I have the next case: Let’s say I have ~5k users that want to join a voice chat and with first join, we must spin up the media stack and with last one left close everything down.

Users came and leave in huge bursts, let’s say they come all within one second and leave the same way.

To detect the start/end of a call I have two keys: one for the total number (counter) of users and one is a flag if the voice has been started.

Starting a call is very easy - just check if started is false and then schedule work to the media server. If 100 users jump on call it would ‘only’ cost 199 transaction iterations. But when leaving we have to have read conflict with total counter meaning that we need to wait for each other to leave chat and execute every transaction sequently until the counter reaches zero. In my simple tests, it takes ~578 retries for 100 users to leave the chat.

I am wrapping my head for a long time with this issue. Is there any simple solution to avoid this conflicts?

It sounds like you’re already using atomic add for the counter, which makes sense. One option is to have a “background” worker watching/polling the counter. Once it reaches zero, then that worker can update started to false (or whatever else needs to happen).

To make sure that the transactions that change counter are idempotent I would recommend additionally writing some kind of user_id to a keyspace with the invariant that counter == number of user_id’s. Otherwise retrying on e.g. commit_unknown_result could cause the count to go negative or other weirdness.

Something like this in python-ish pseudocode:

Add user to voice chat:

if subspace["started"] is true or not present and subspace["users"][user_id] is not present:
    subspace["users"][user_id] = ''
    subspace["started"] = true

Remove user from voice chat:

if subspace["users"][user_id] is present:
    delete subspace["users"][user_id]

Background worker

    if subspace["started"] == true and subspace["count"] == 0:
        subspace["started"] = false # voice chat is over.

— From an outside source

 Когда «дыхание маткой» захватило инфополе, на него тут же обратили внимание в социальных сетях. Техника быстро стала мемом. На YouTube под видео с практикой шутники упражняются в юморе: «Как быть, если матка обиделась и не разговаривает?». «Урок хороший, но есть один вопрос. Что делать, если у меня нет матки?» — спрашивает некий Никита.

Tear down and don't let users join anymore

It is an interesting problem. One way could be to shard the counter k ways. Each user would increment and decrement a pre-determined shard. Once all shards reach 0, cleanup can be done. This suggestion is based on assumption that given n users, #conflicts are O(n^2); splitting n should reduce the conflicts.

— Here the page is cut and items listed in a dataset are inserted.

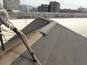 | 解体した屋根材を元に戻していきます。 棟板金も解体してしまったので、復旧していきます。 復旧後はきれいに清掃をして、補修工事完工です! |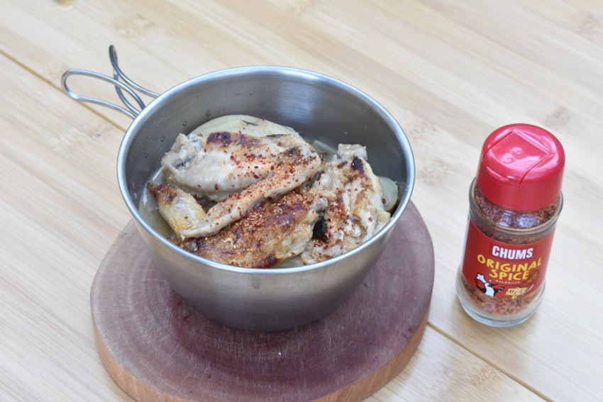 手羽先の優しい出汁に「チャムスオリジナルスパイス 」がアクセントに。最後にふりかけることで、スパイスの風味を活かした仕上がりになっています。料理の途中でも、出来上がったあとでも使えるスパイスですね。
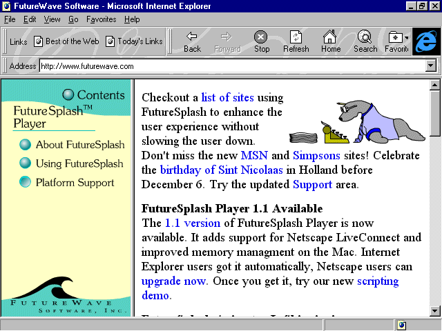 Their big success came in August of 1996. Microsoft was working on MSN and wanted to create the most TV-like experience on the Internet. They became big fans of FutureSplash and adopted the technology. Their other high-profile client was Disney Online. They were using FutureSplash to build animation and the user interface for the Disney Daily Blast. Disney was also working with Macromedia Shockwave.

Another way could be that users can just decrement counter without a read conflict. And then issue a fresh read transaction to see if value is 0; if the value is 0, then they can set another boolean as false (with proper read write conflict), similar to ‘started’, and whichever client successfully does that can clean things up.

This is very rough skeletal idea, with need of careful idempotent operations and handling of failures in between two transactions.